◆ EXERCISE DATA ◆
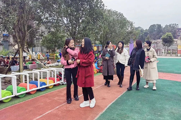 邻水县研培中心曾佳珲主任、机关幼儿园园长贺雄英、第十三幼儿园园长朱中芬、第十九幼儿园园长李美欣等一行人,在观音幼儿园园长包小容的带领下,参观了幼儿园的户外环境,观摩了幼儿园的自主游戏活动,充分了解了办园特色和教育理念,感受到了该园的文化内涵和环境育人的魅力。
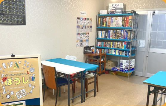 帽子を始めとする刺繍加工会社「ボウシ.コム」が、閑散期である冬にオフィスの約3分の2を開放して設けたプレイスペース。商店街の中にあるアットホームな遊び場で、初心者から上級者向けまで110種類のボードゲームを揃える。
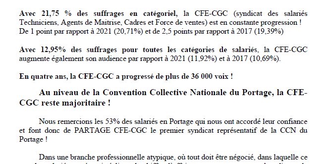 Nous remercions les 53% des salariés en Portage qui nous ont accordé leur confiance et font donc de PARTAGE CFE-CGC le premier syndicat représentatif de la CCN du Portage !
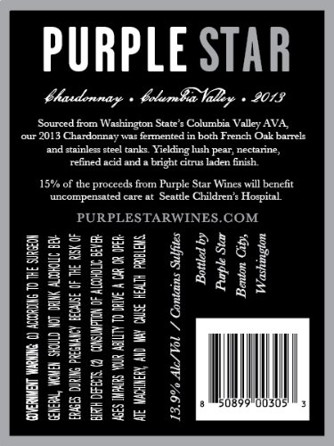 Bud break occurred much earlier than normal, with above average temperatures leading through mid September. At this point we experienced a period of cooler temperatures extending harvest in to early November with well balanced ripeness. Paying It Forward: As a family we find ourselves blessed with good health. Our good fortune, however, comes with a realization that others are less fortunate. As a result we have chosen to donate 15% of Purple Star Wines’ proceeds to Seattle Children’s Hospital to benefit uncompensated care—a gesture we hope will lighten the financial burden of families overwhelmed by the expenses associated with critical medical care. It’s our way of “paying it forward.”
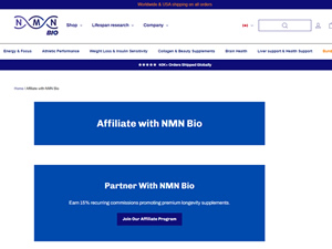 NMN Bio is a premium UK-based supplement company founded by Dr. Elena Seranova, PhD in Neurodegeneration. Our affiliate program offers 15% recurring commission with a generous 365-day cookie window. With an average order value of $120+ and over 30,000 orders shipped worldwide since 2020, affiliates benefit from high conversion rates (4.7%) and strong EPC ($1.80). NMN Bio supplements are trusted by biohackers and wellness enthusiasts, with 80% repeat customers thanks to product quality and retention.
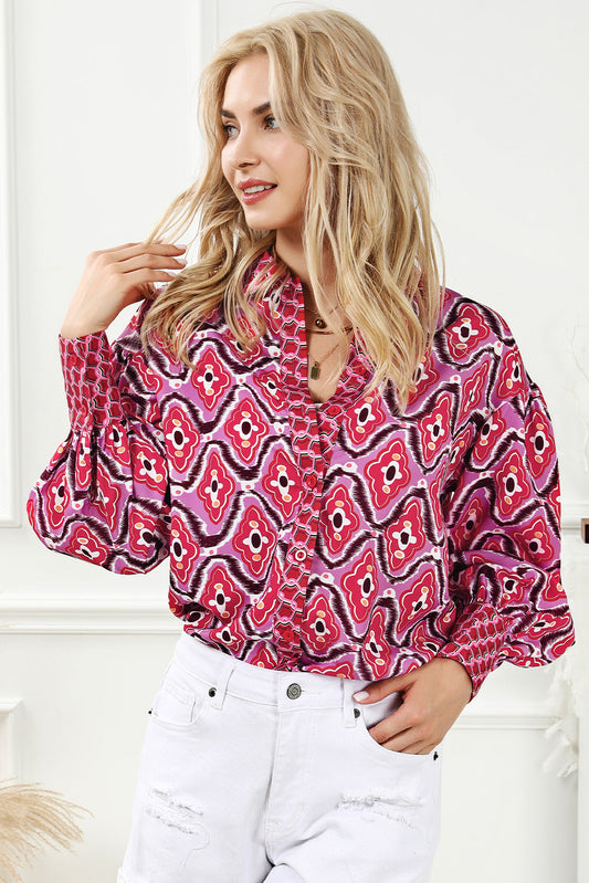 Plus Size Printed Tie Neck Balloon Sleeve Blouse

* * *

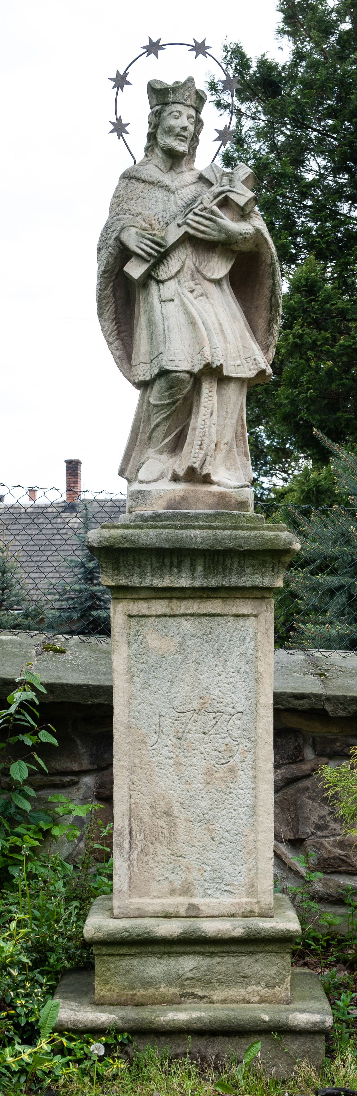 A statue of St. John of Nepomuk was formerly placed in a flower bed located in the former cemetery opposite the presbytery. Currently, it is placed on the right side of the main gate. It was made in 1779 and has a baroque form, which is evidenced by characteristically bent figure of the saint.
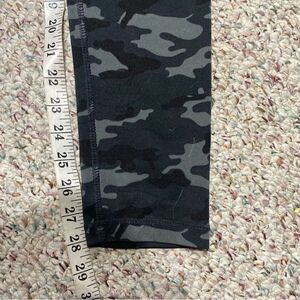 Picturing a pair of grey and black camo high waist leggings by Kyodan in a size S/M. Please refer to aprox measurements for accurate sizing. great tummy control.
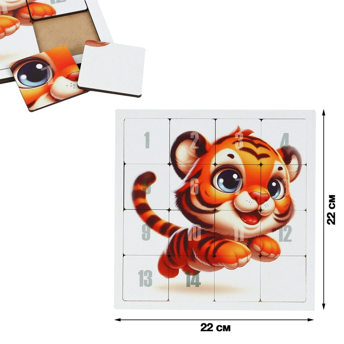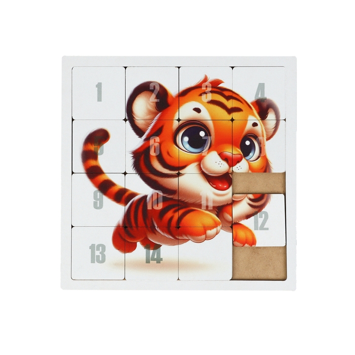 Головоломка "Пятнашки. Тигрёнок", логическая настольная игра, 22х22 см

◆ WORK TO BE COMPLETED ◆
With the pictures omitted, print the lines above exactly, beginning at the line with "邻水县研培中心曾佳珲主任、机" and going on through the line with "Nous remercions les".

◆ RESPONSE TO THIS TASK ◆
 邻水县研培中心曾佳珲主任、机关幼儿园园长贺雄英、第十三幼儿园园长朱中芬、第十九幼儿园园长李美欣等一行人,在观音幼儿园园长包小容的带领下,参观了幼儿园的户外环境,观摩了幼儿园的自主游戏活动,充分了解了办园特色和教育理念,感受到了该园的文化内涵和环境育人的魅力。
 帽子を始めとする刺繍加工会社「ボウシ.コム」が、閑散期である冬にオフィスの約3分の2を開放して設けたプレイスペース。商店街の中にあるアットホームな遊び場で、初心者から上級者向けまで110種類のボードゲームを揃える。
 Nous remercions les 53% des salariés en Portage qui nous ont accordé leur confiance et font donc de PARTAGE CFE-CGC le premier syndicat représentatif de la CCN du Portage !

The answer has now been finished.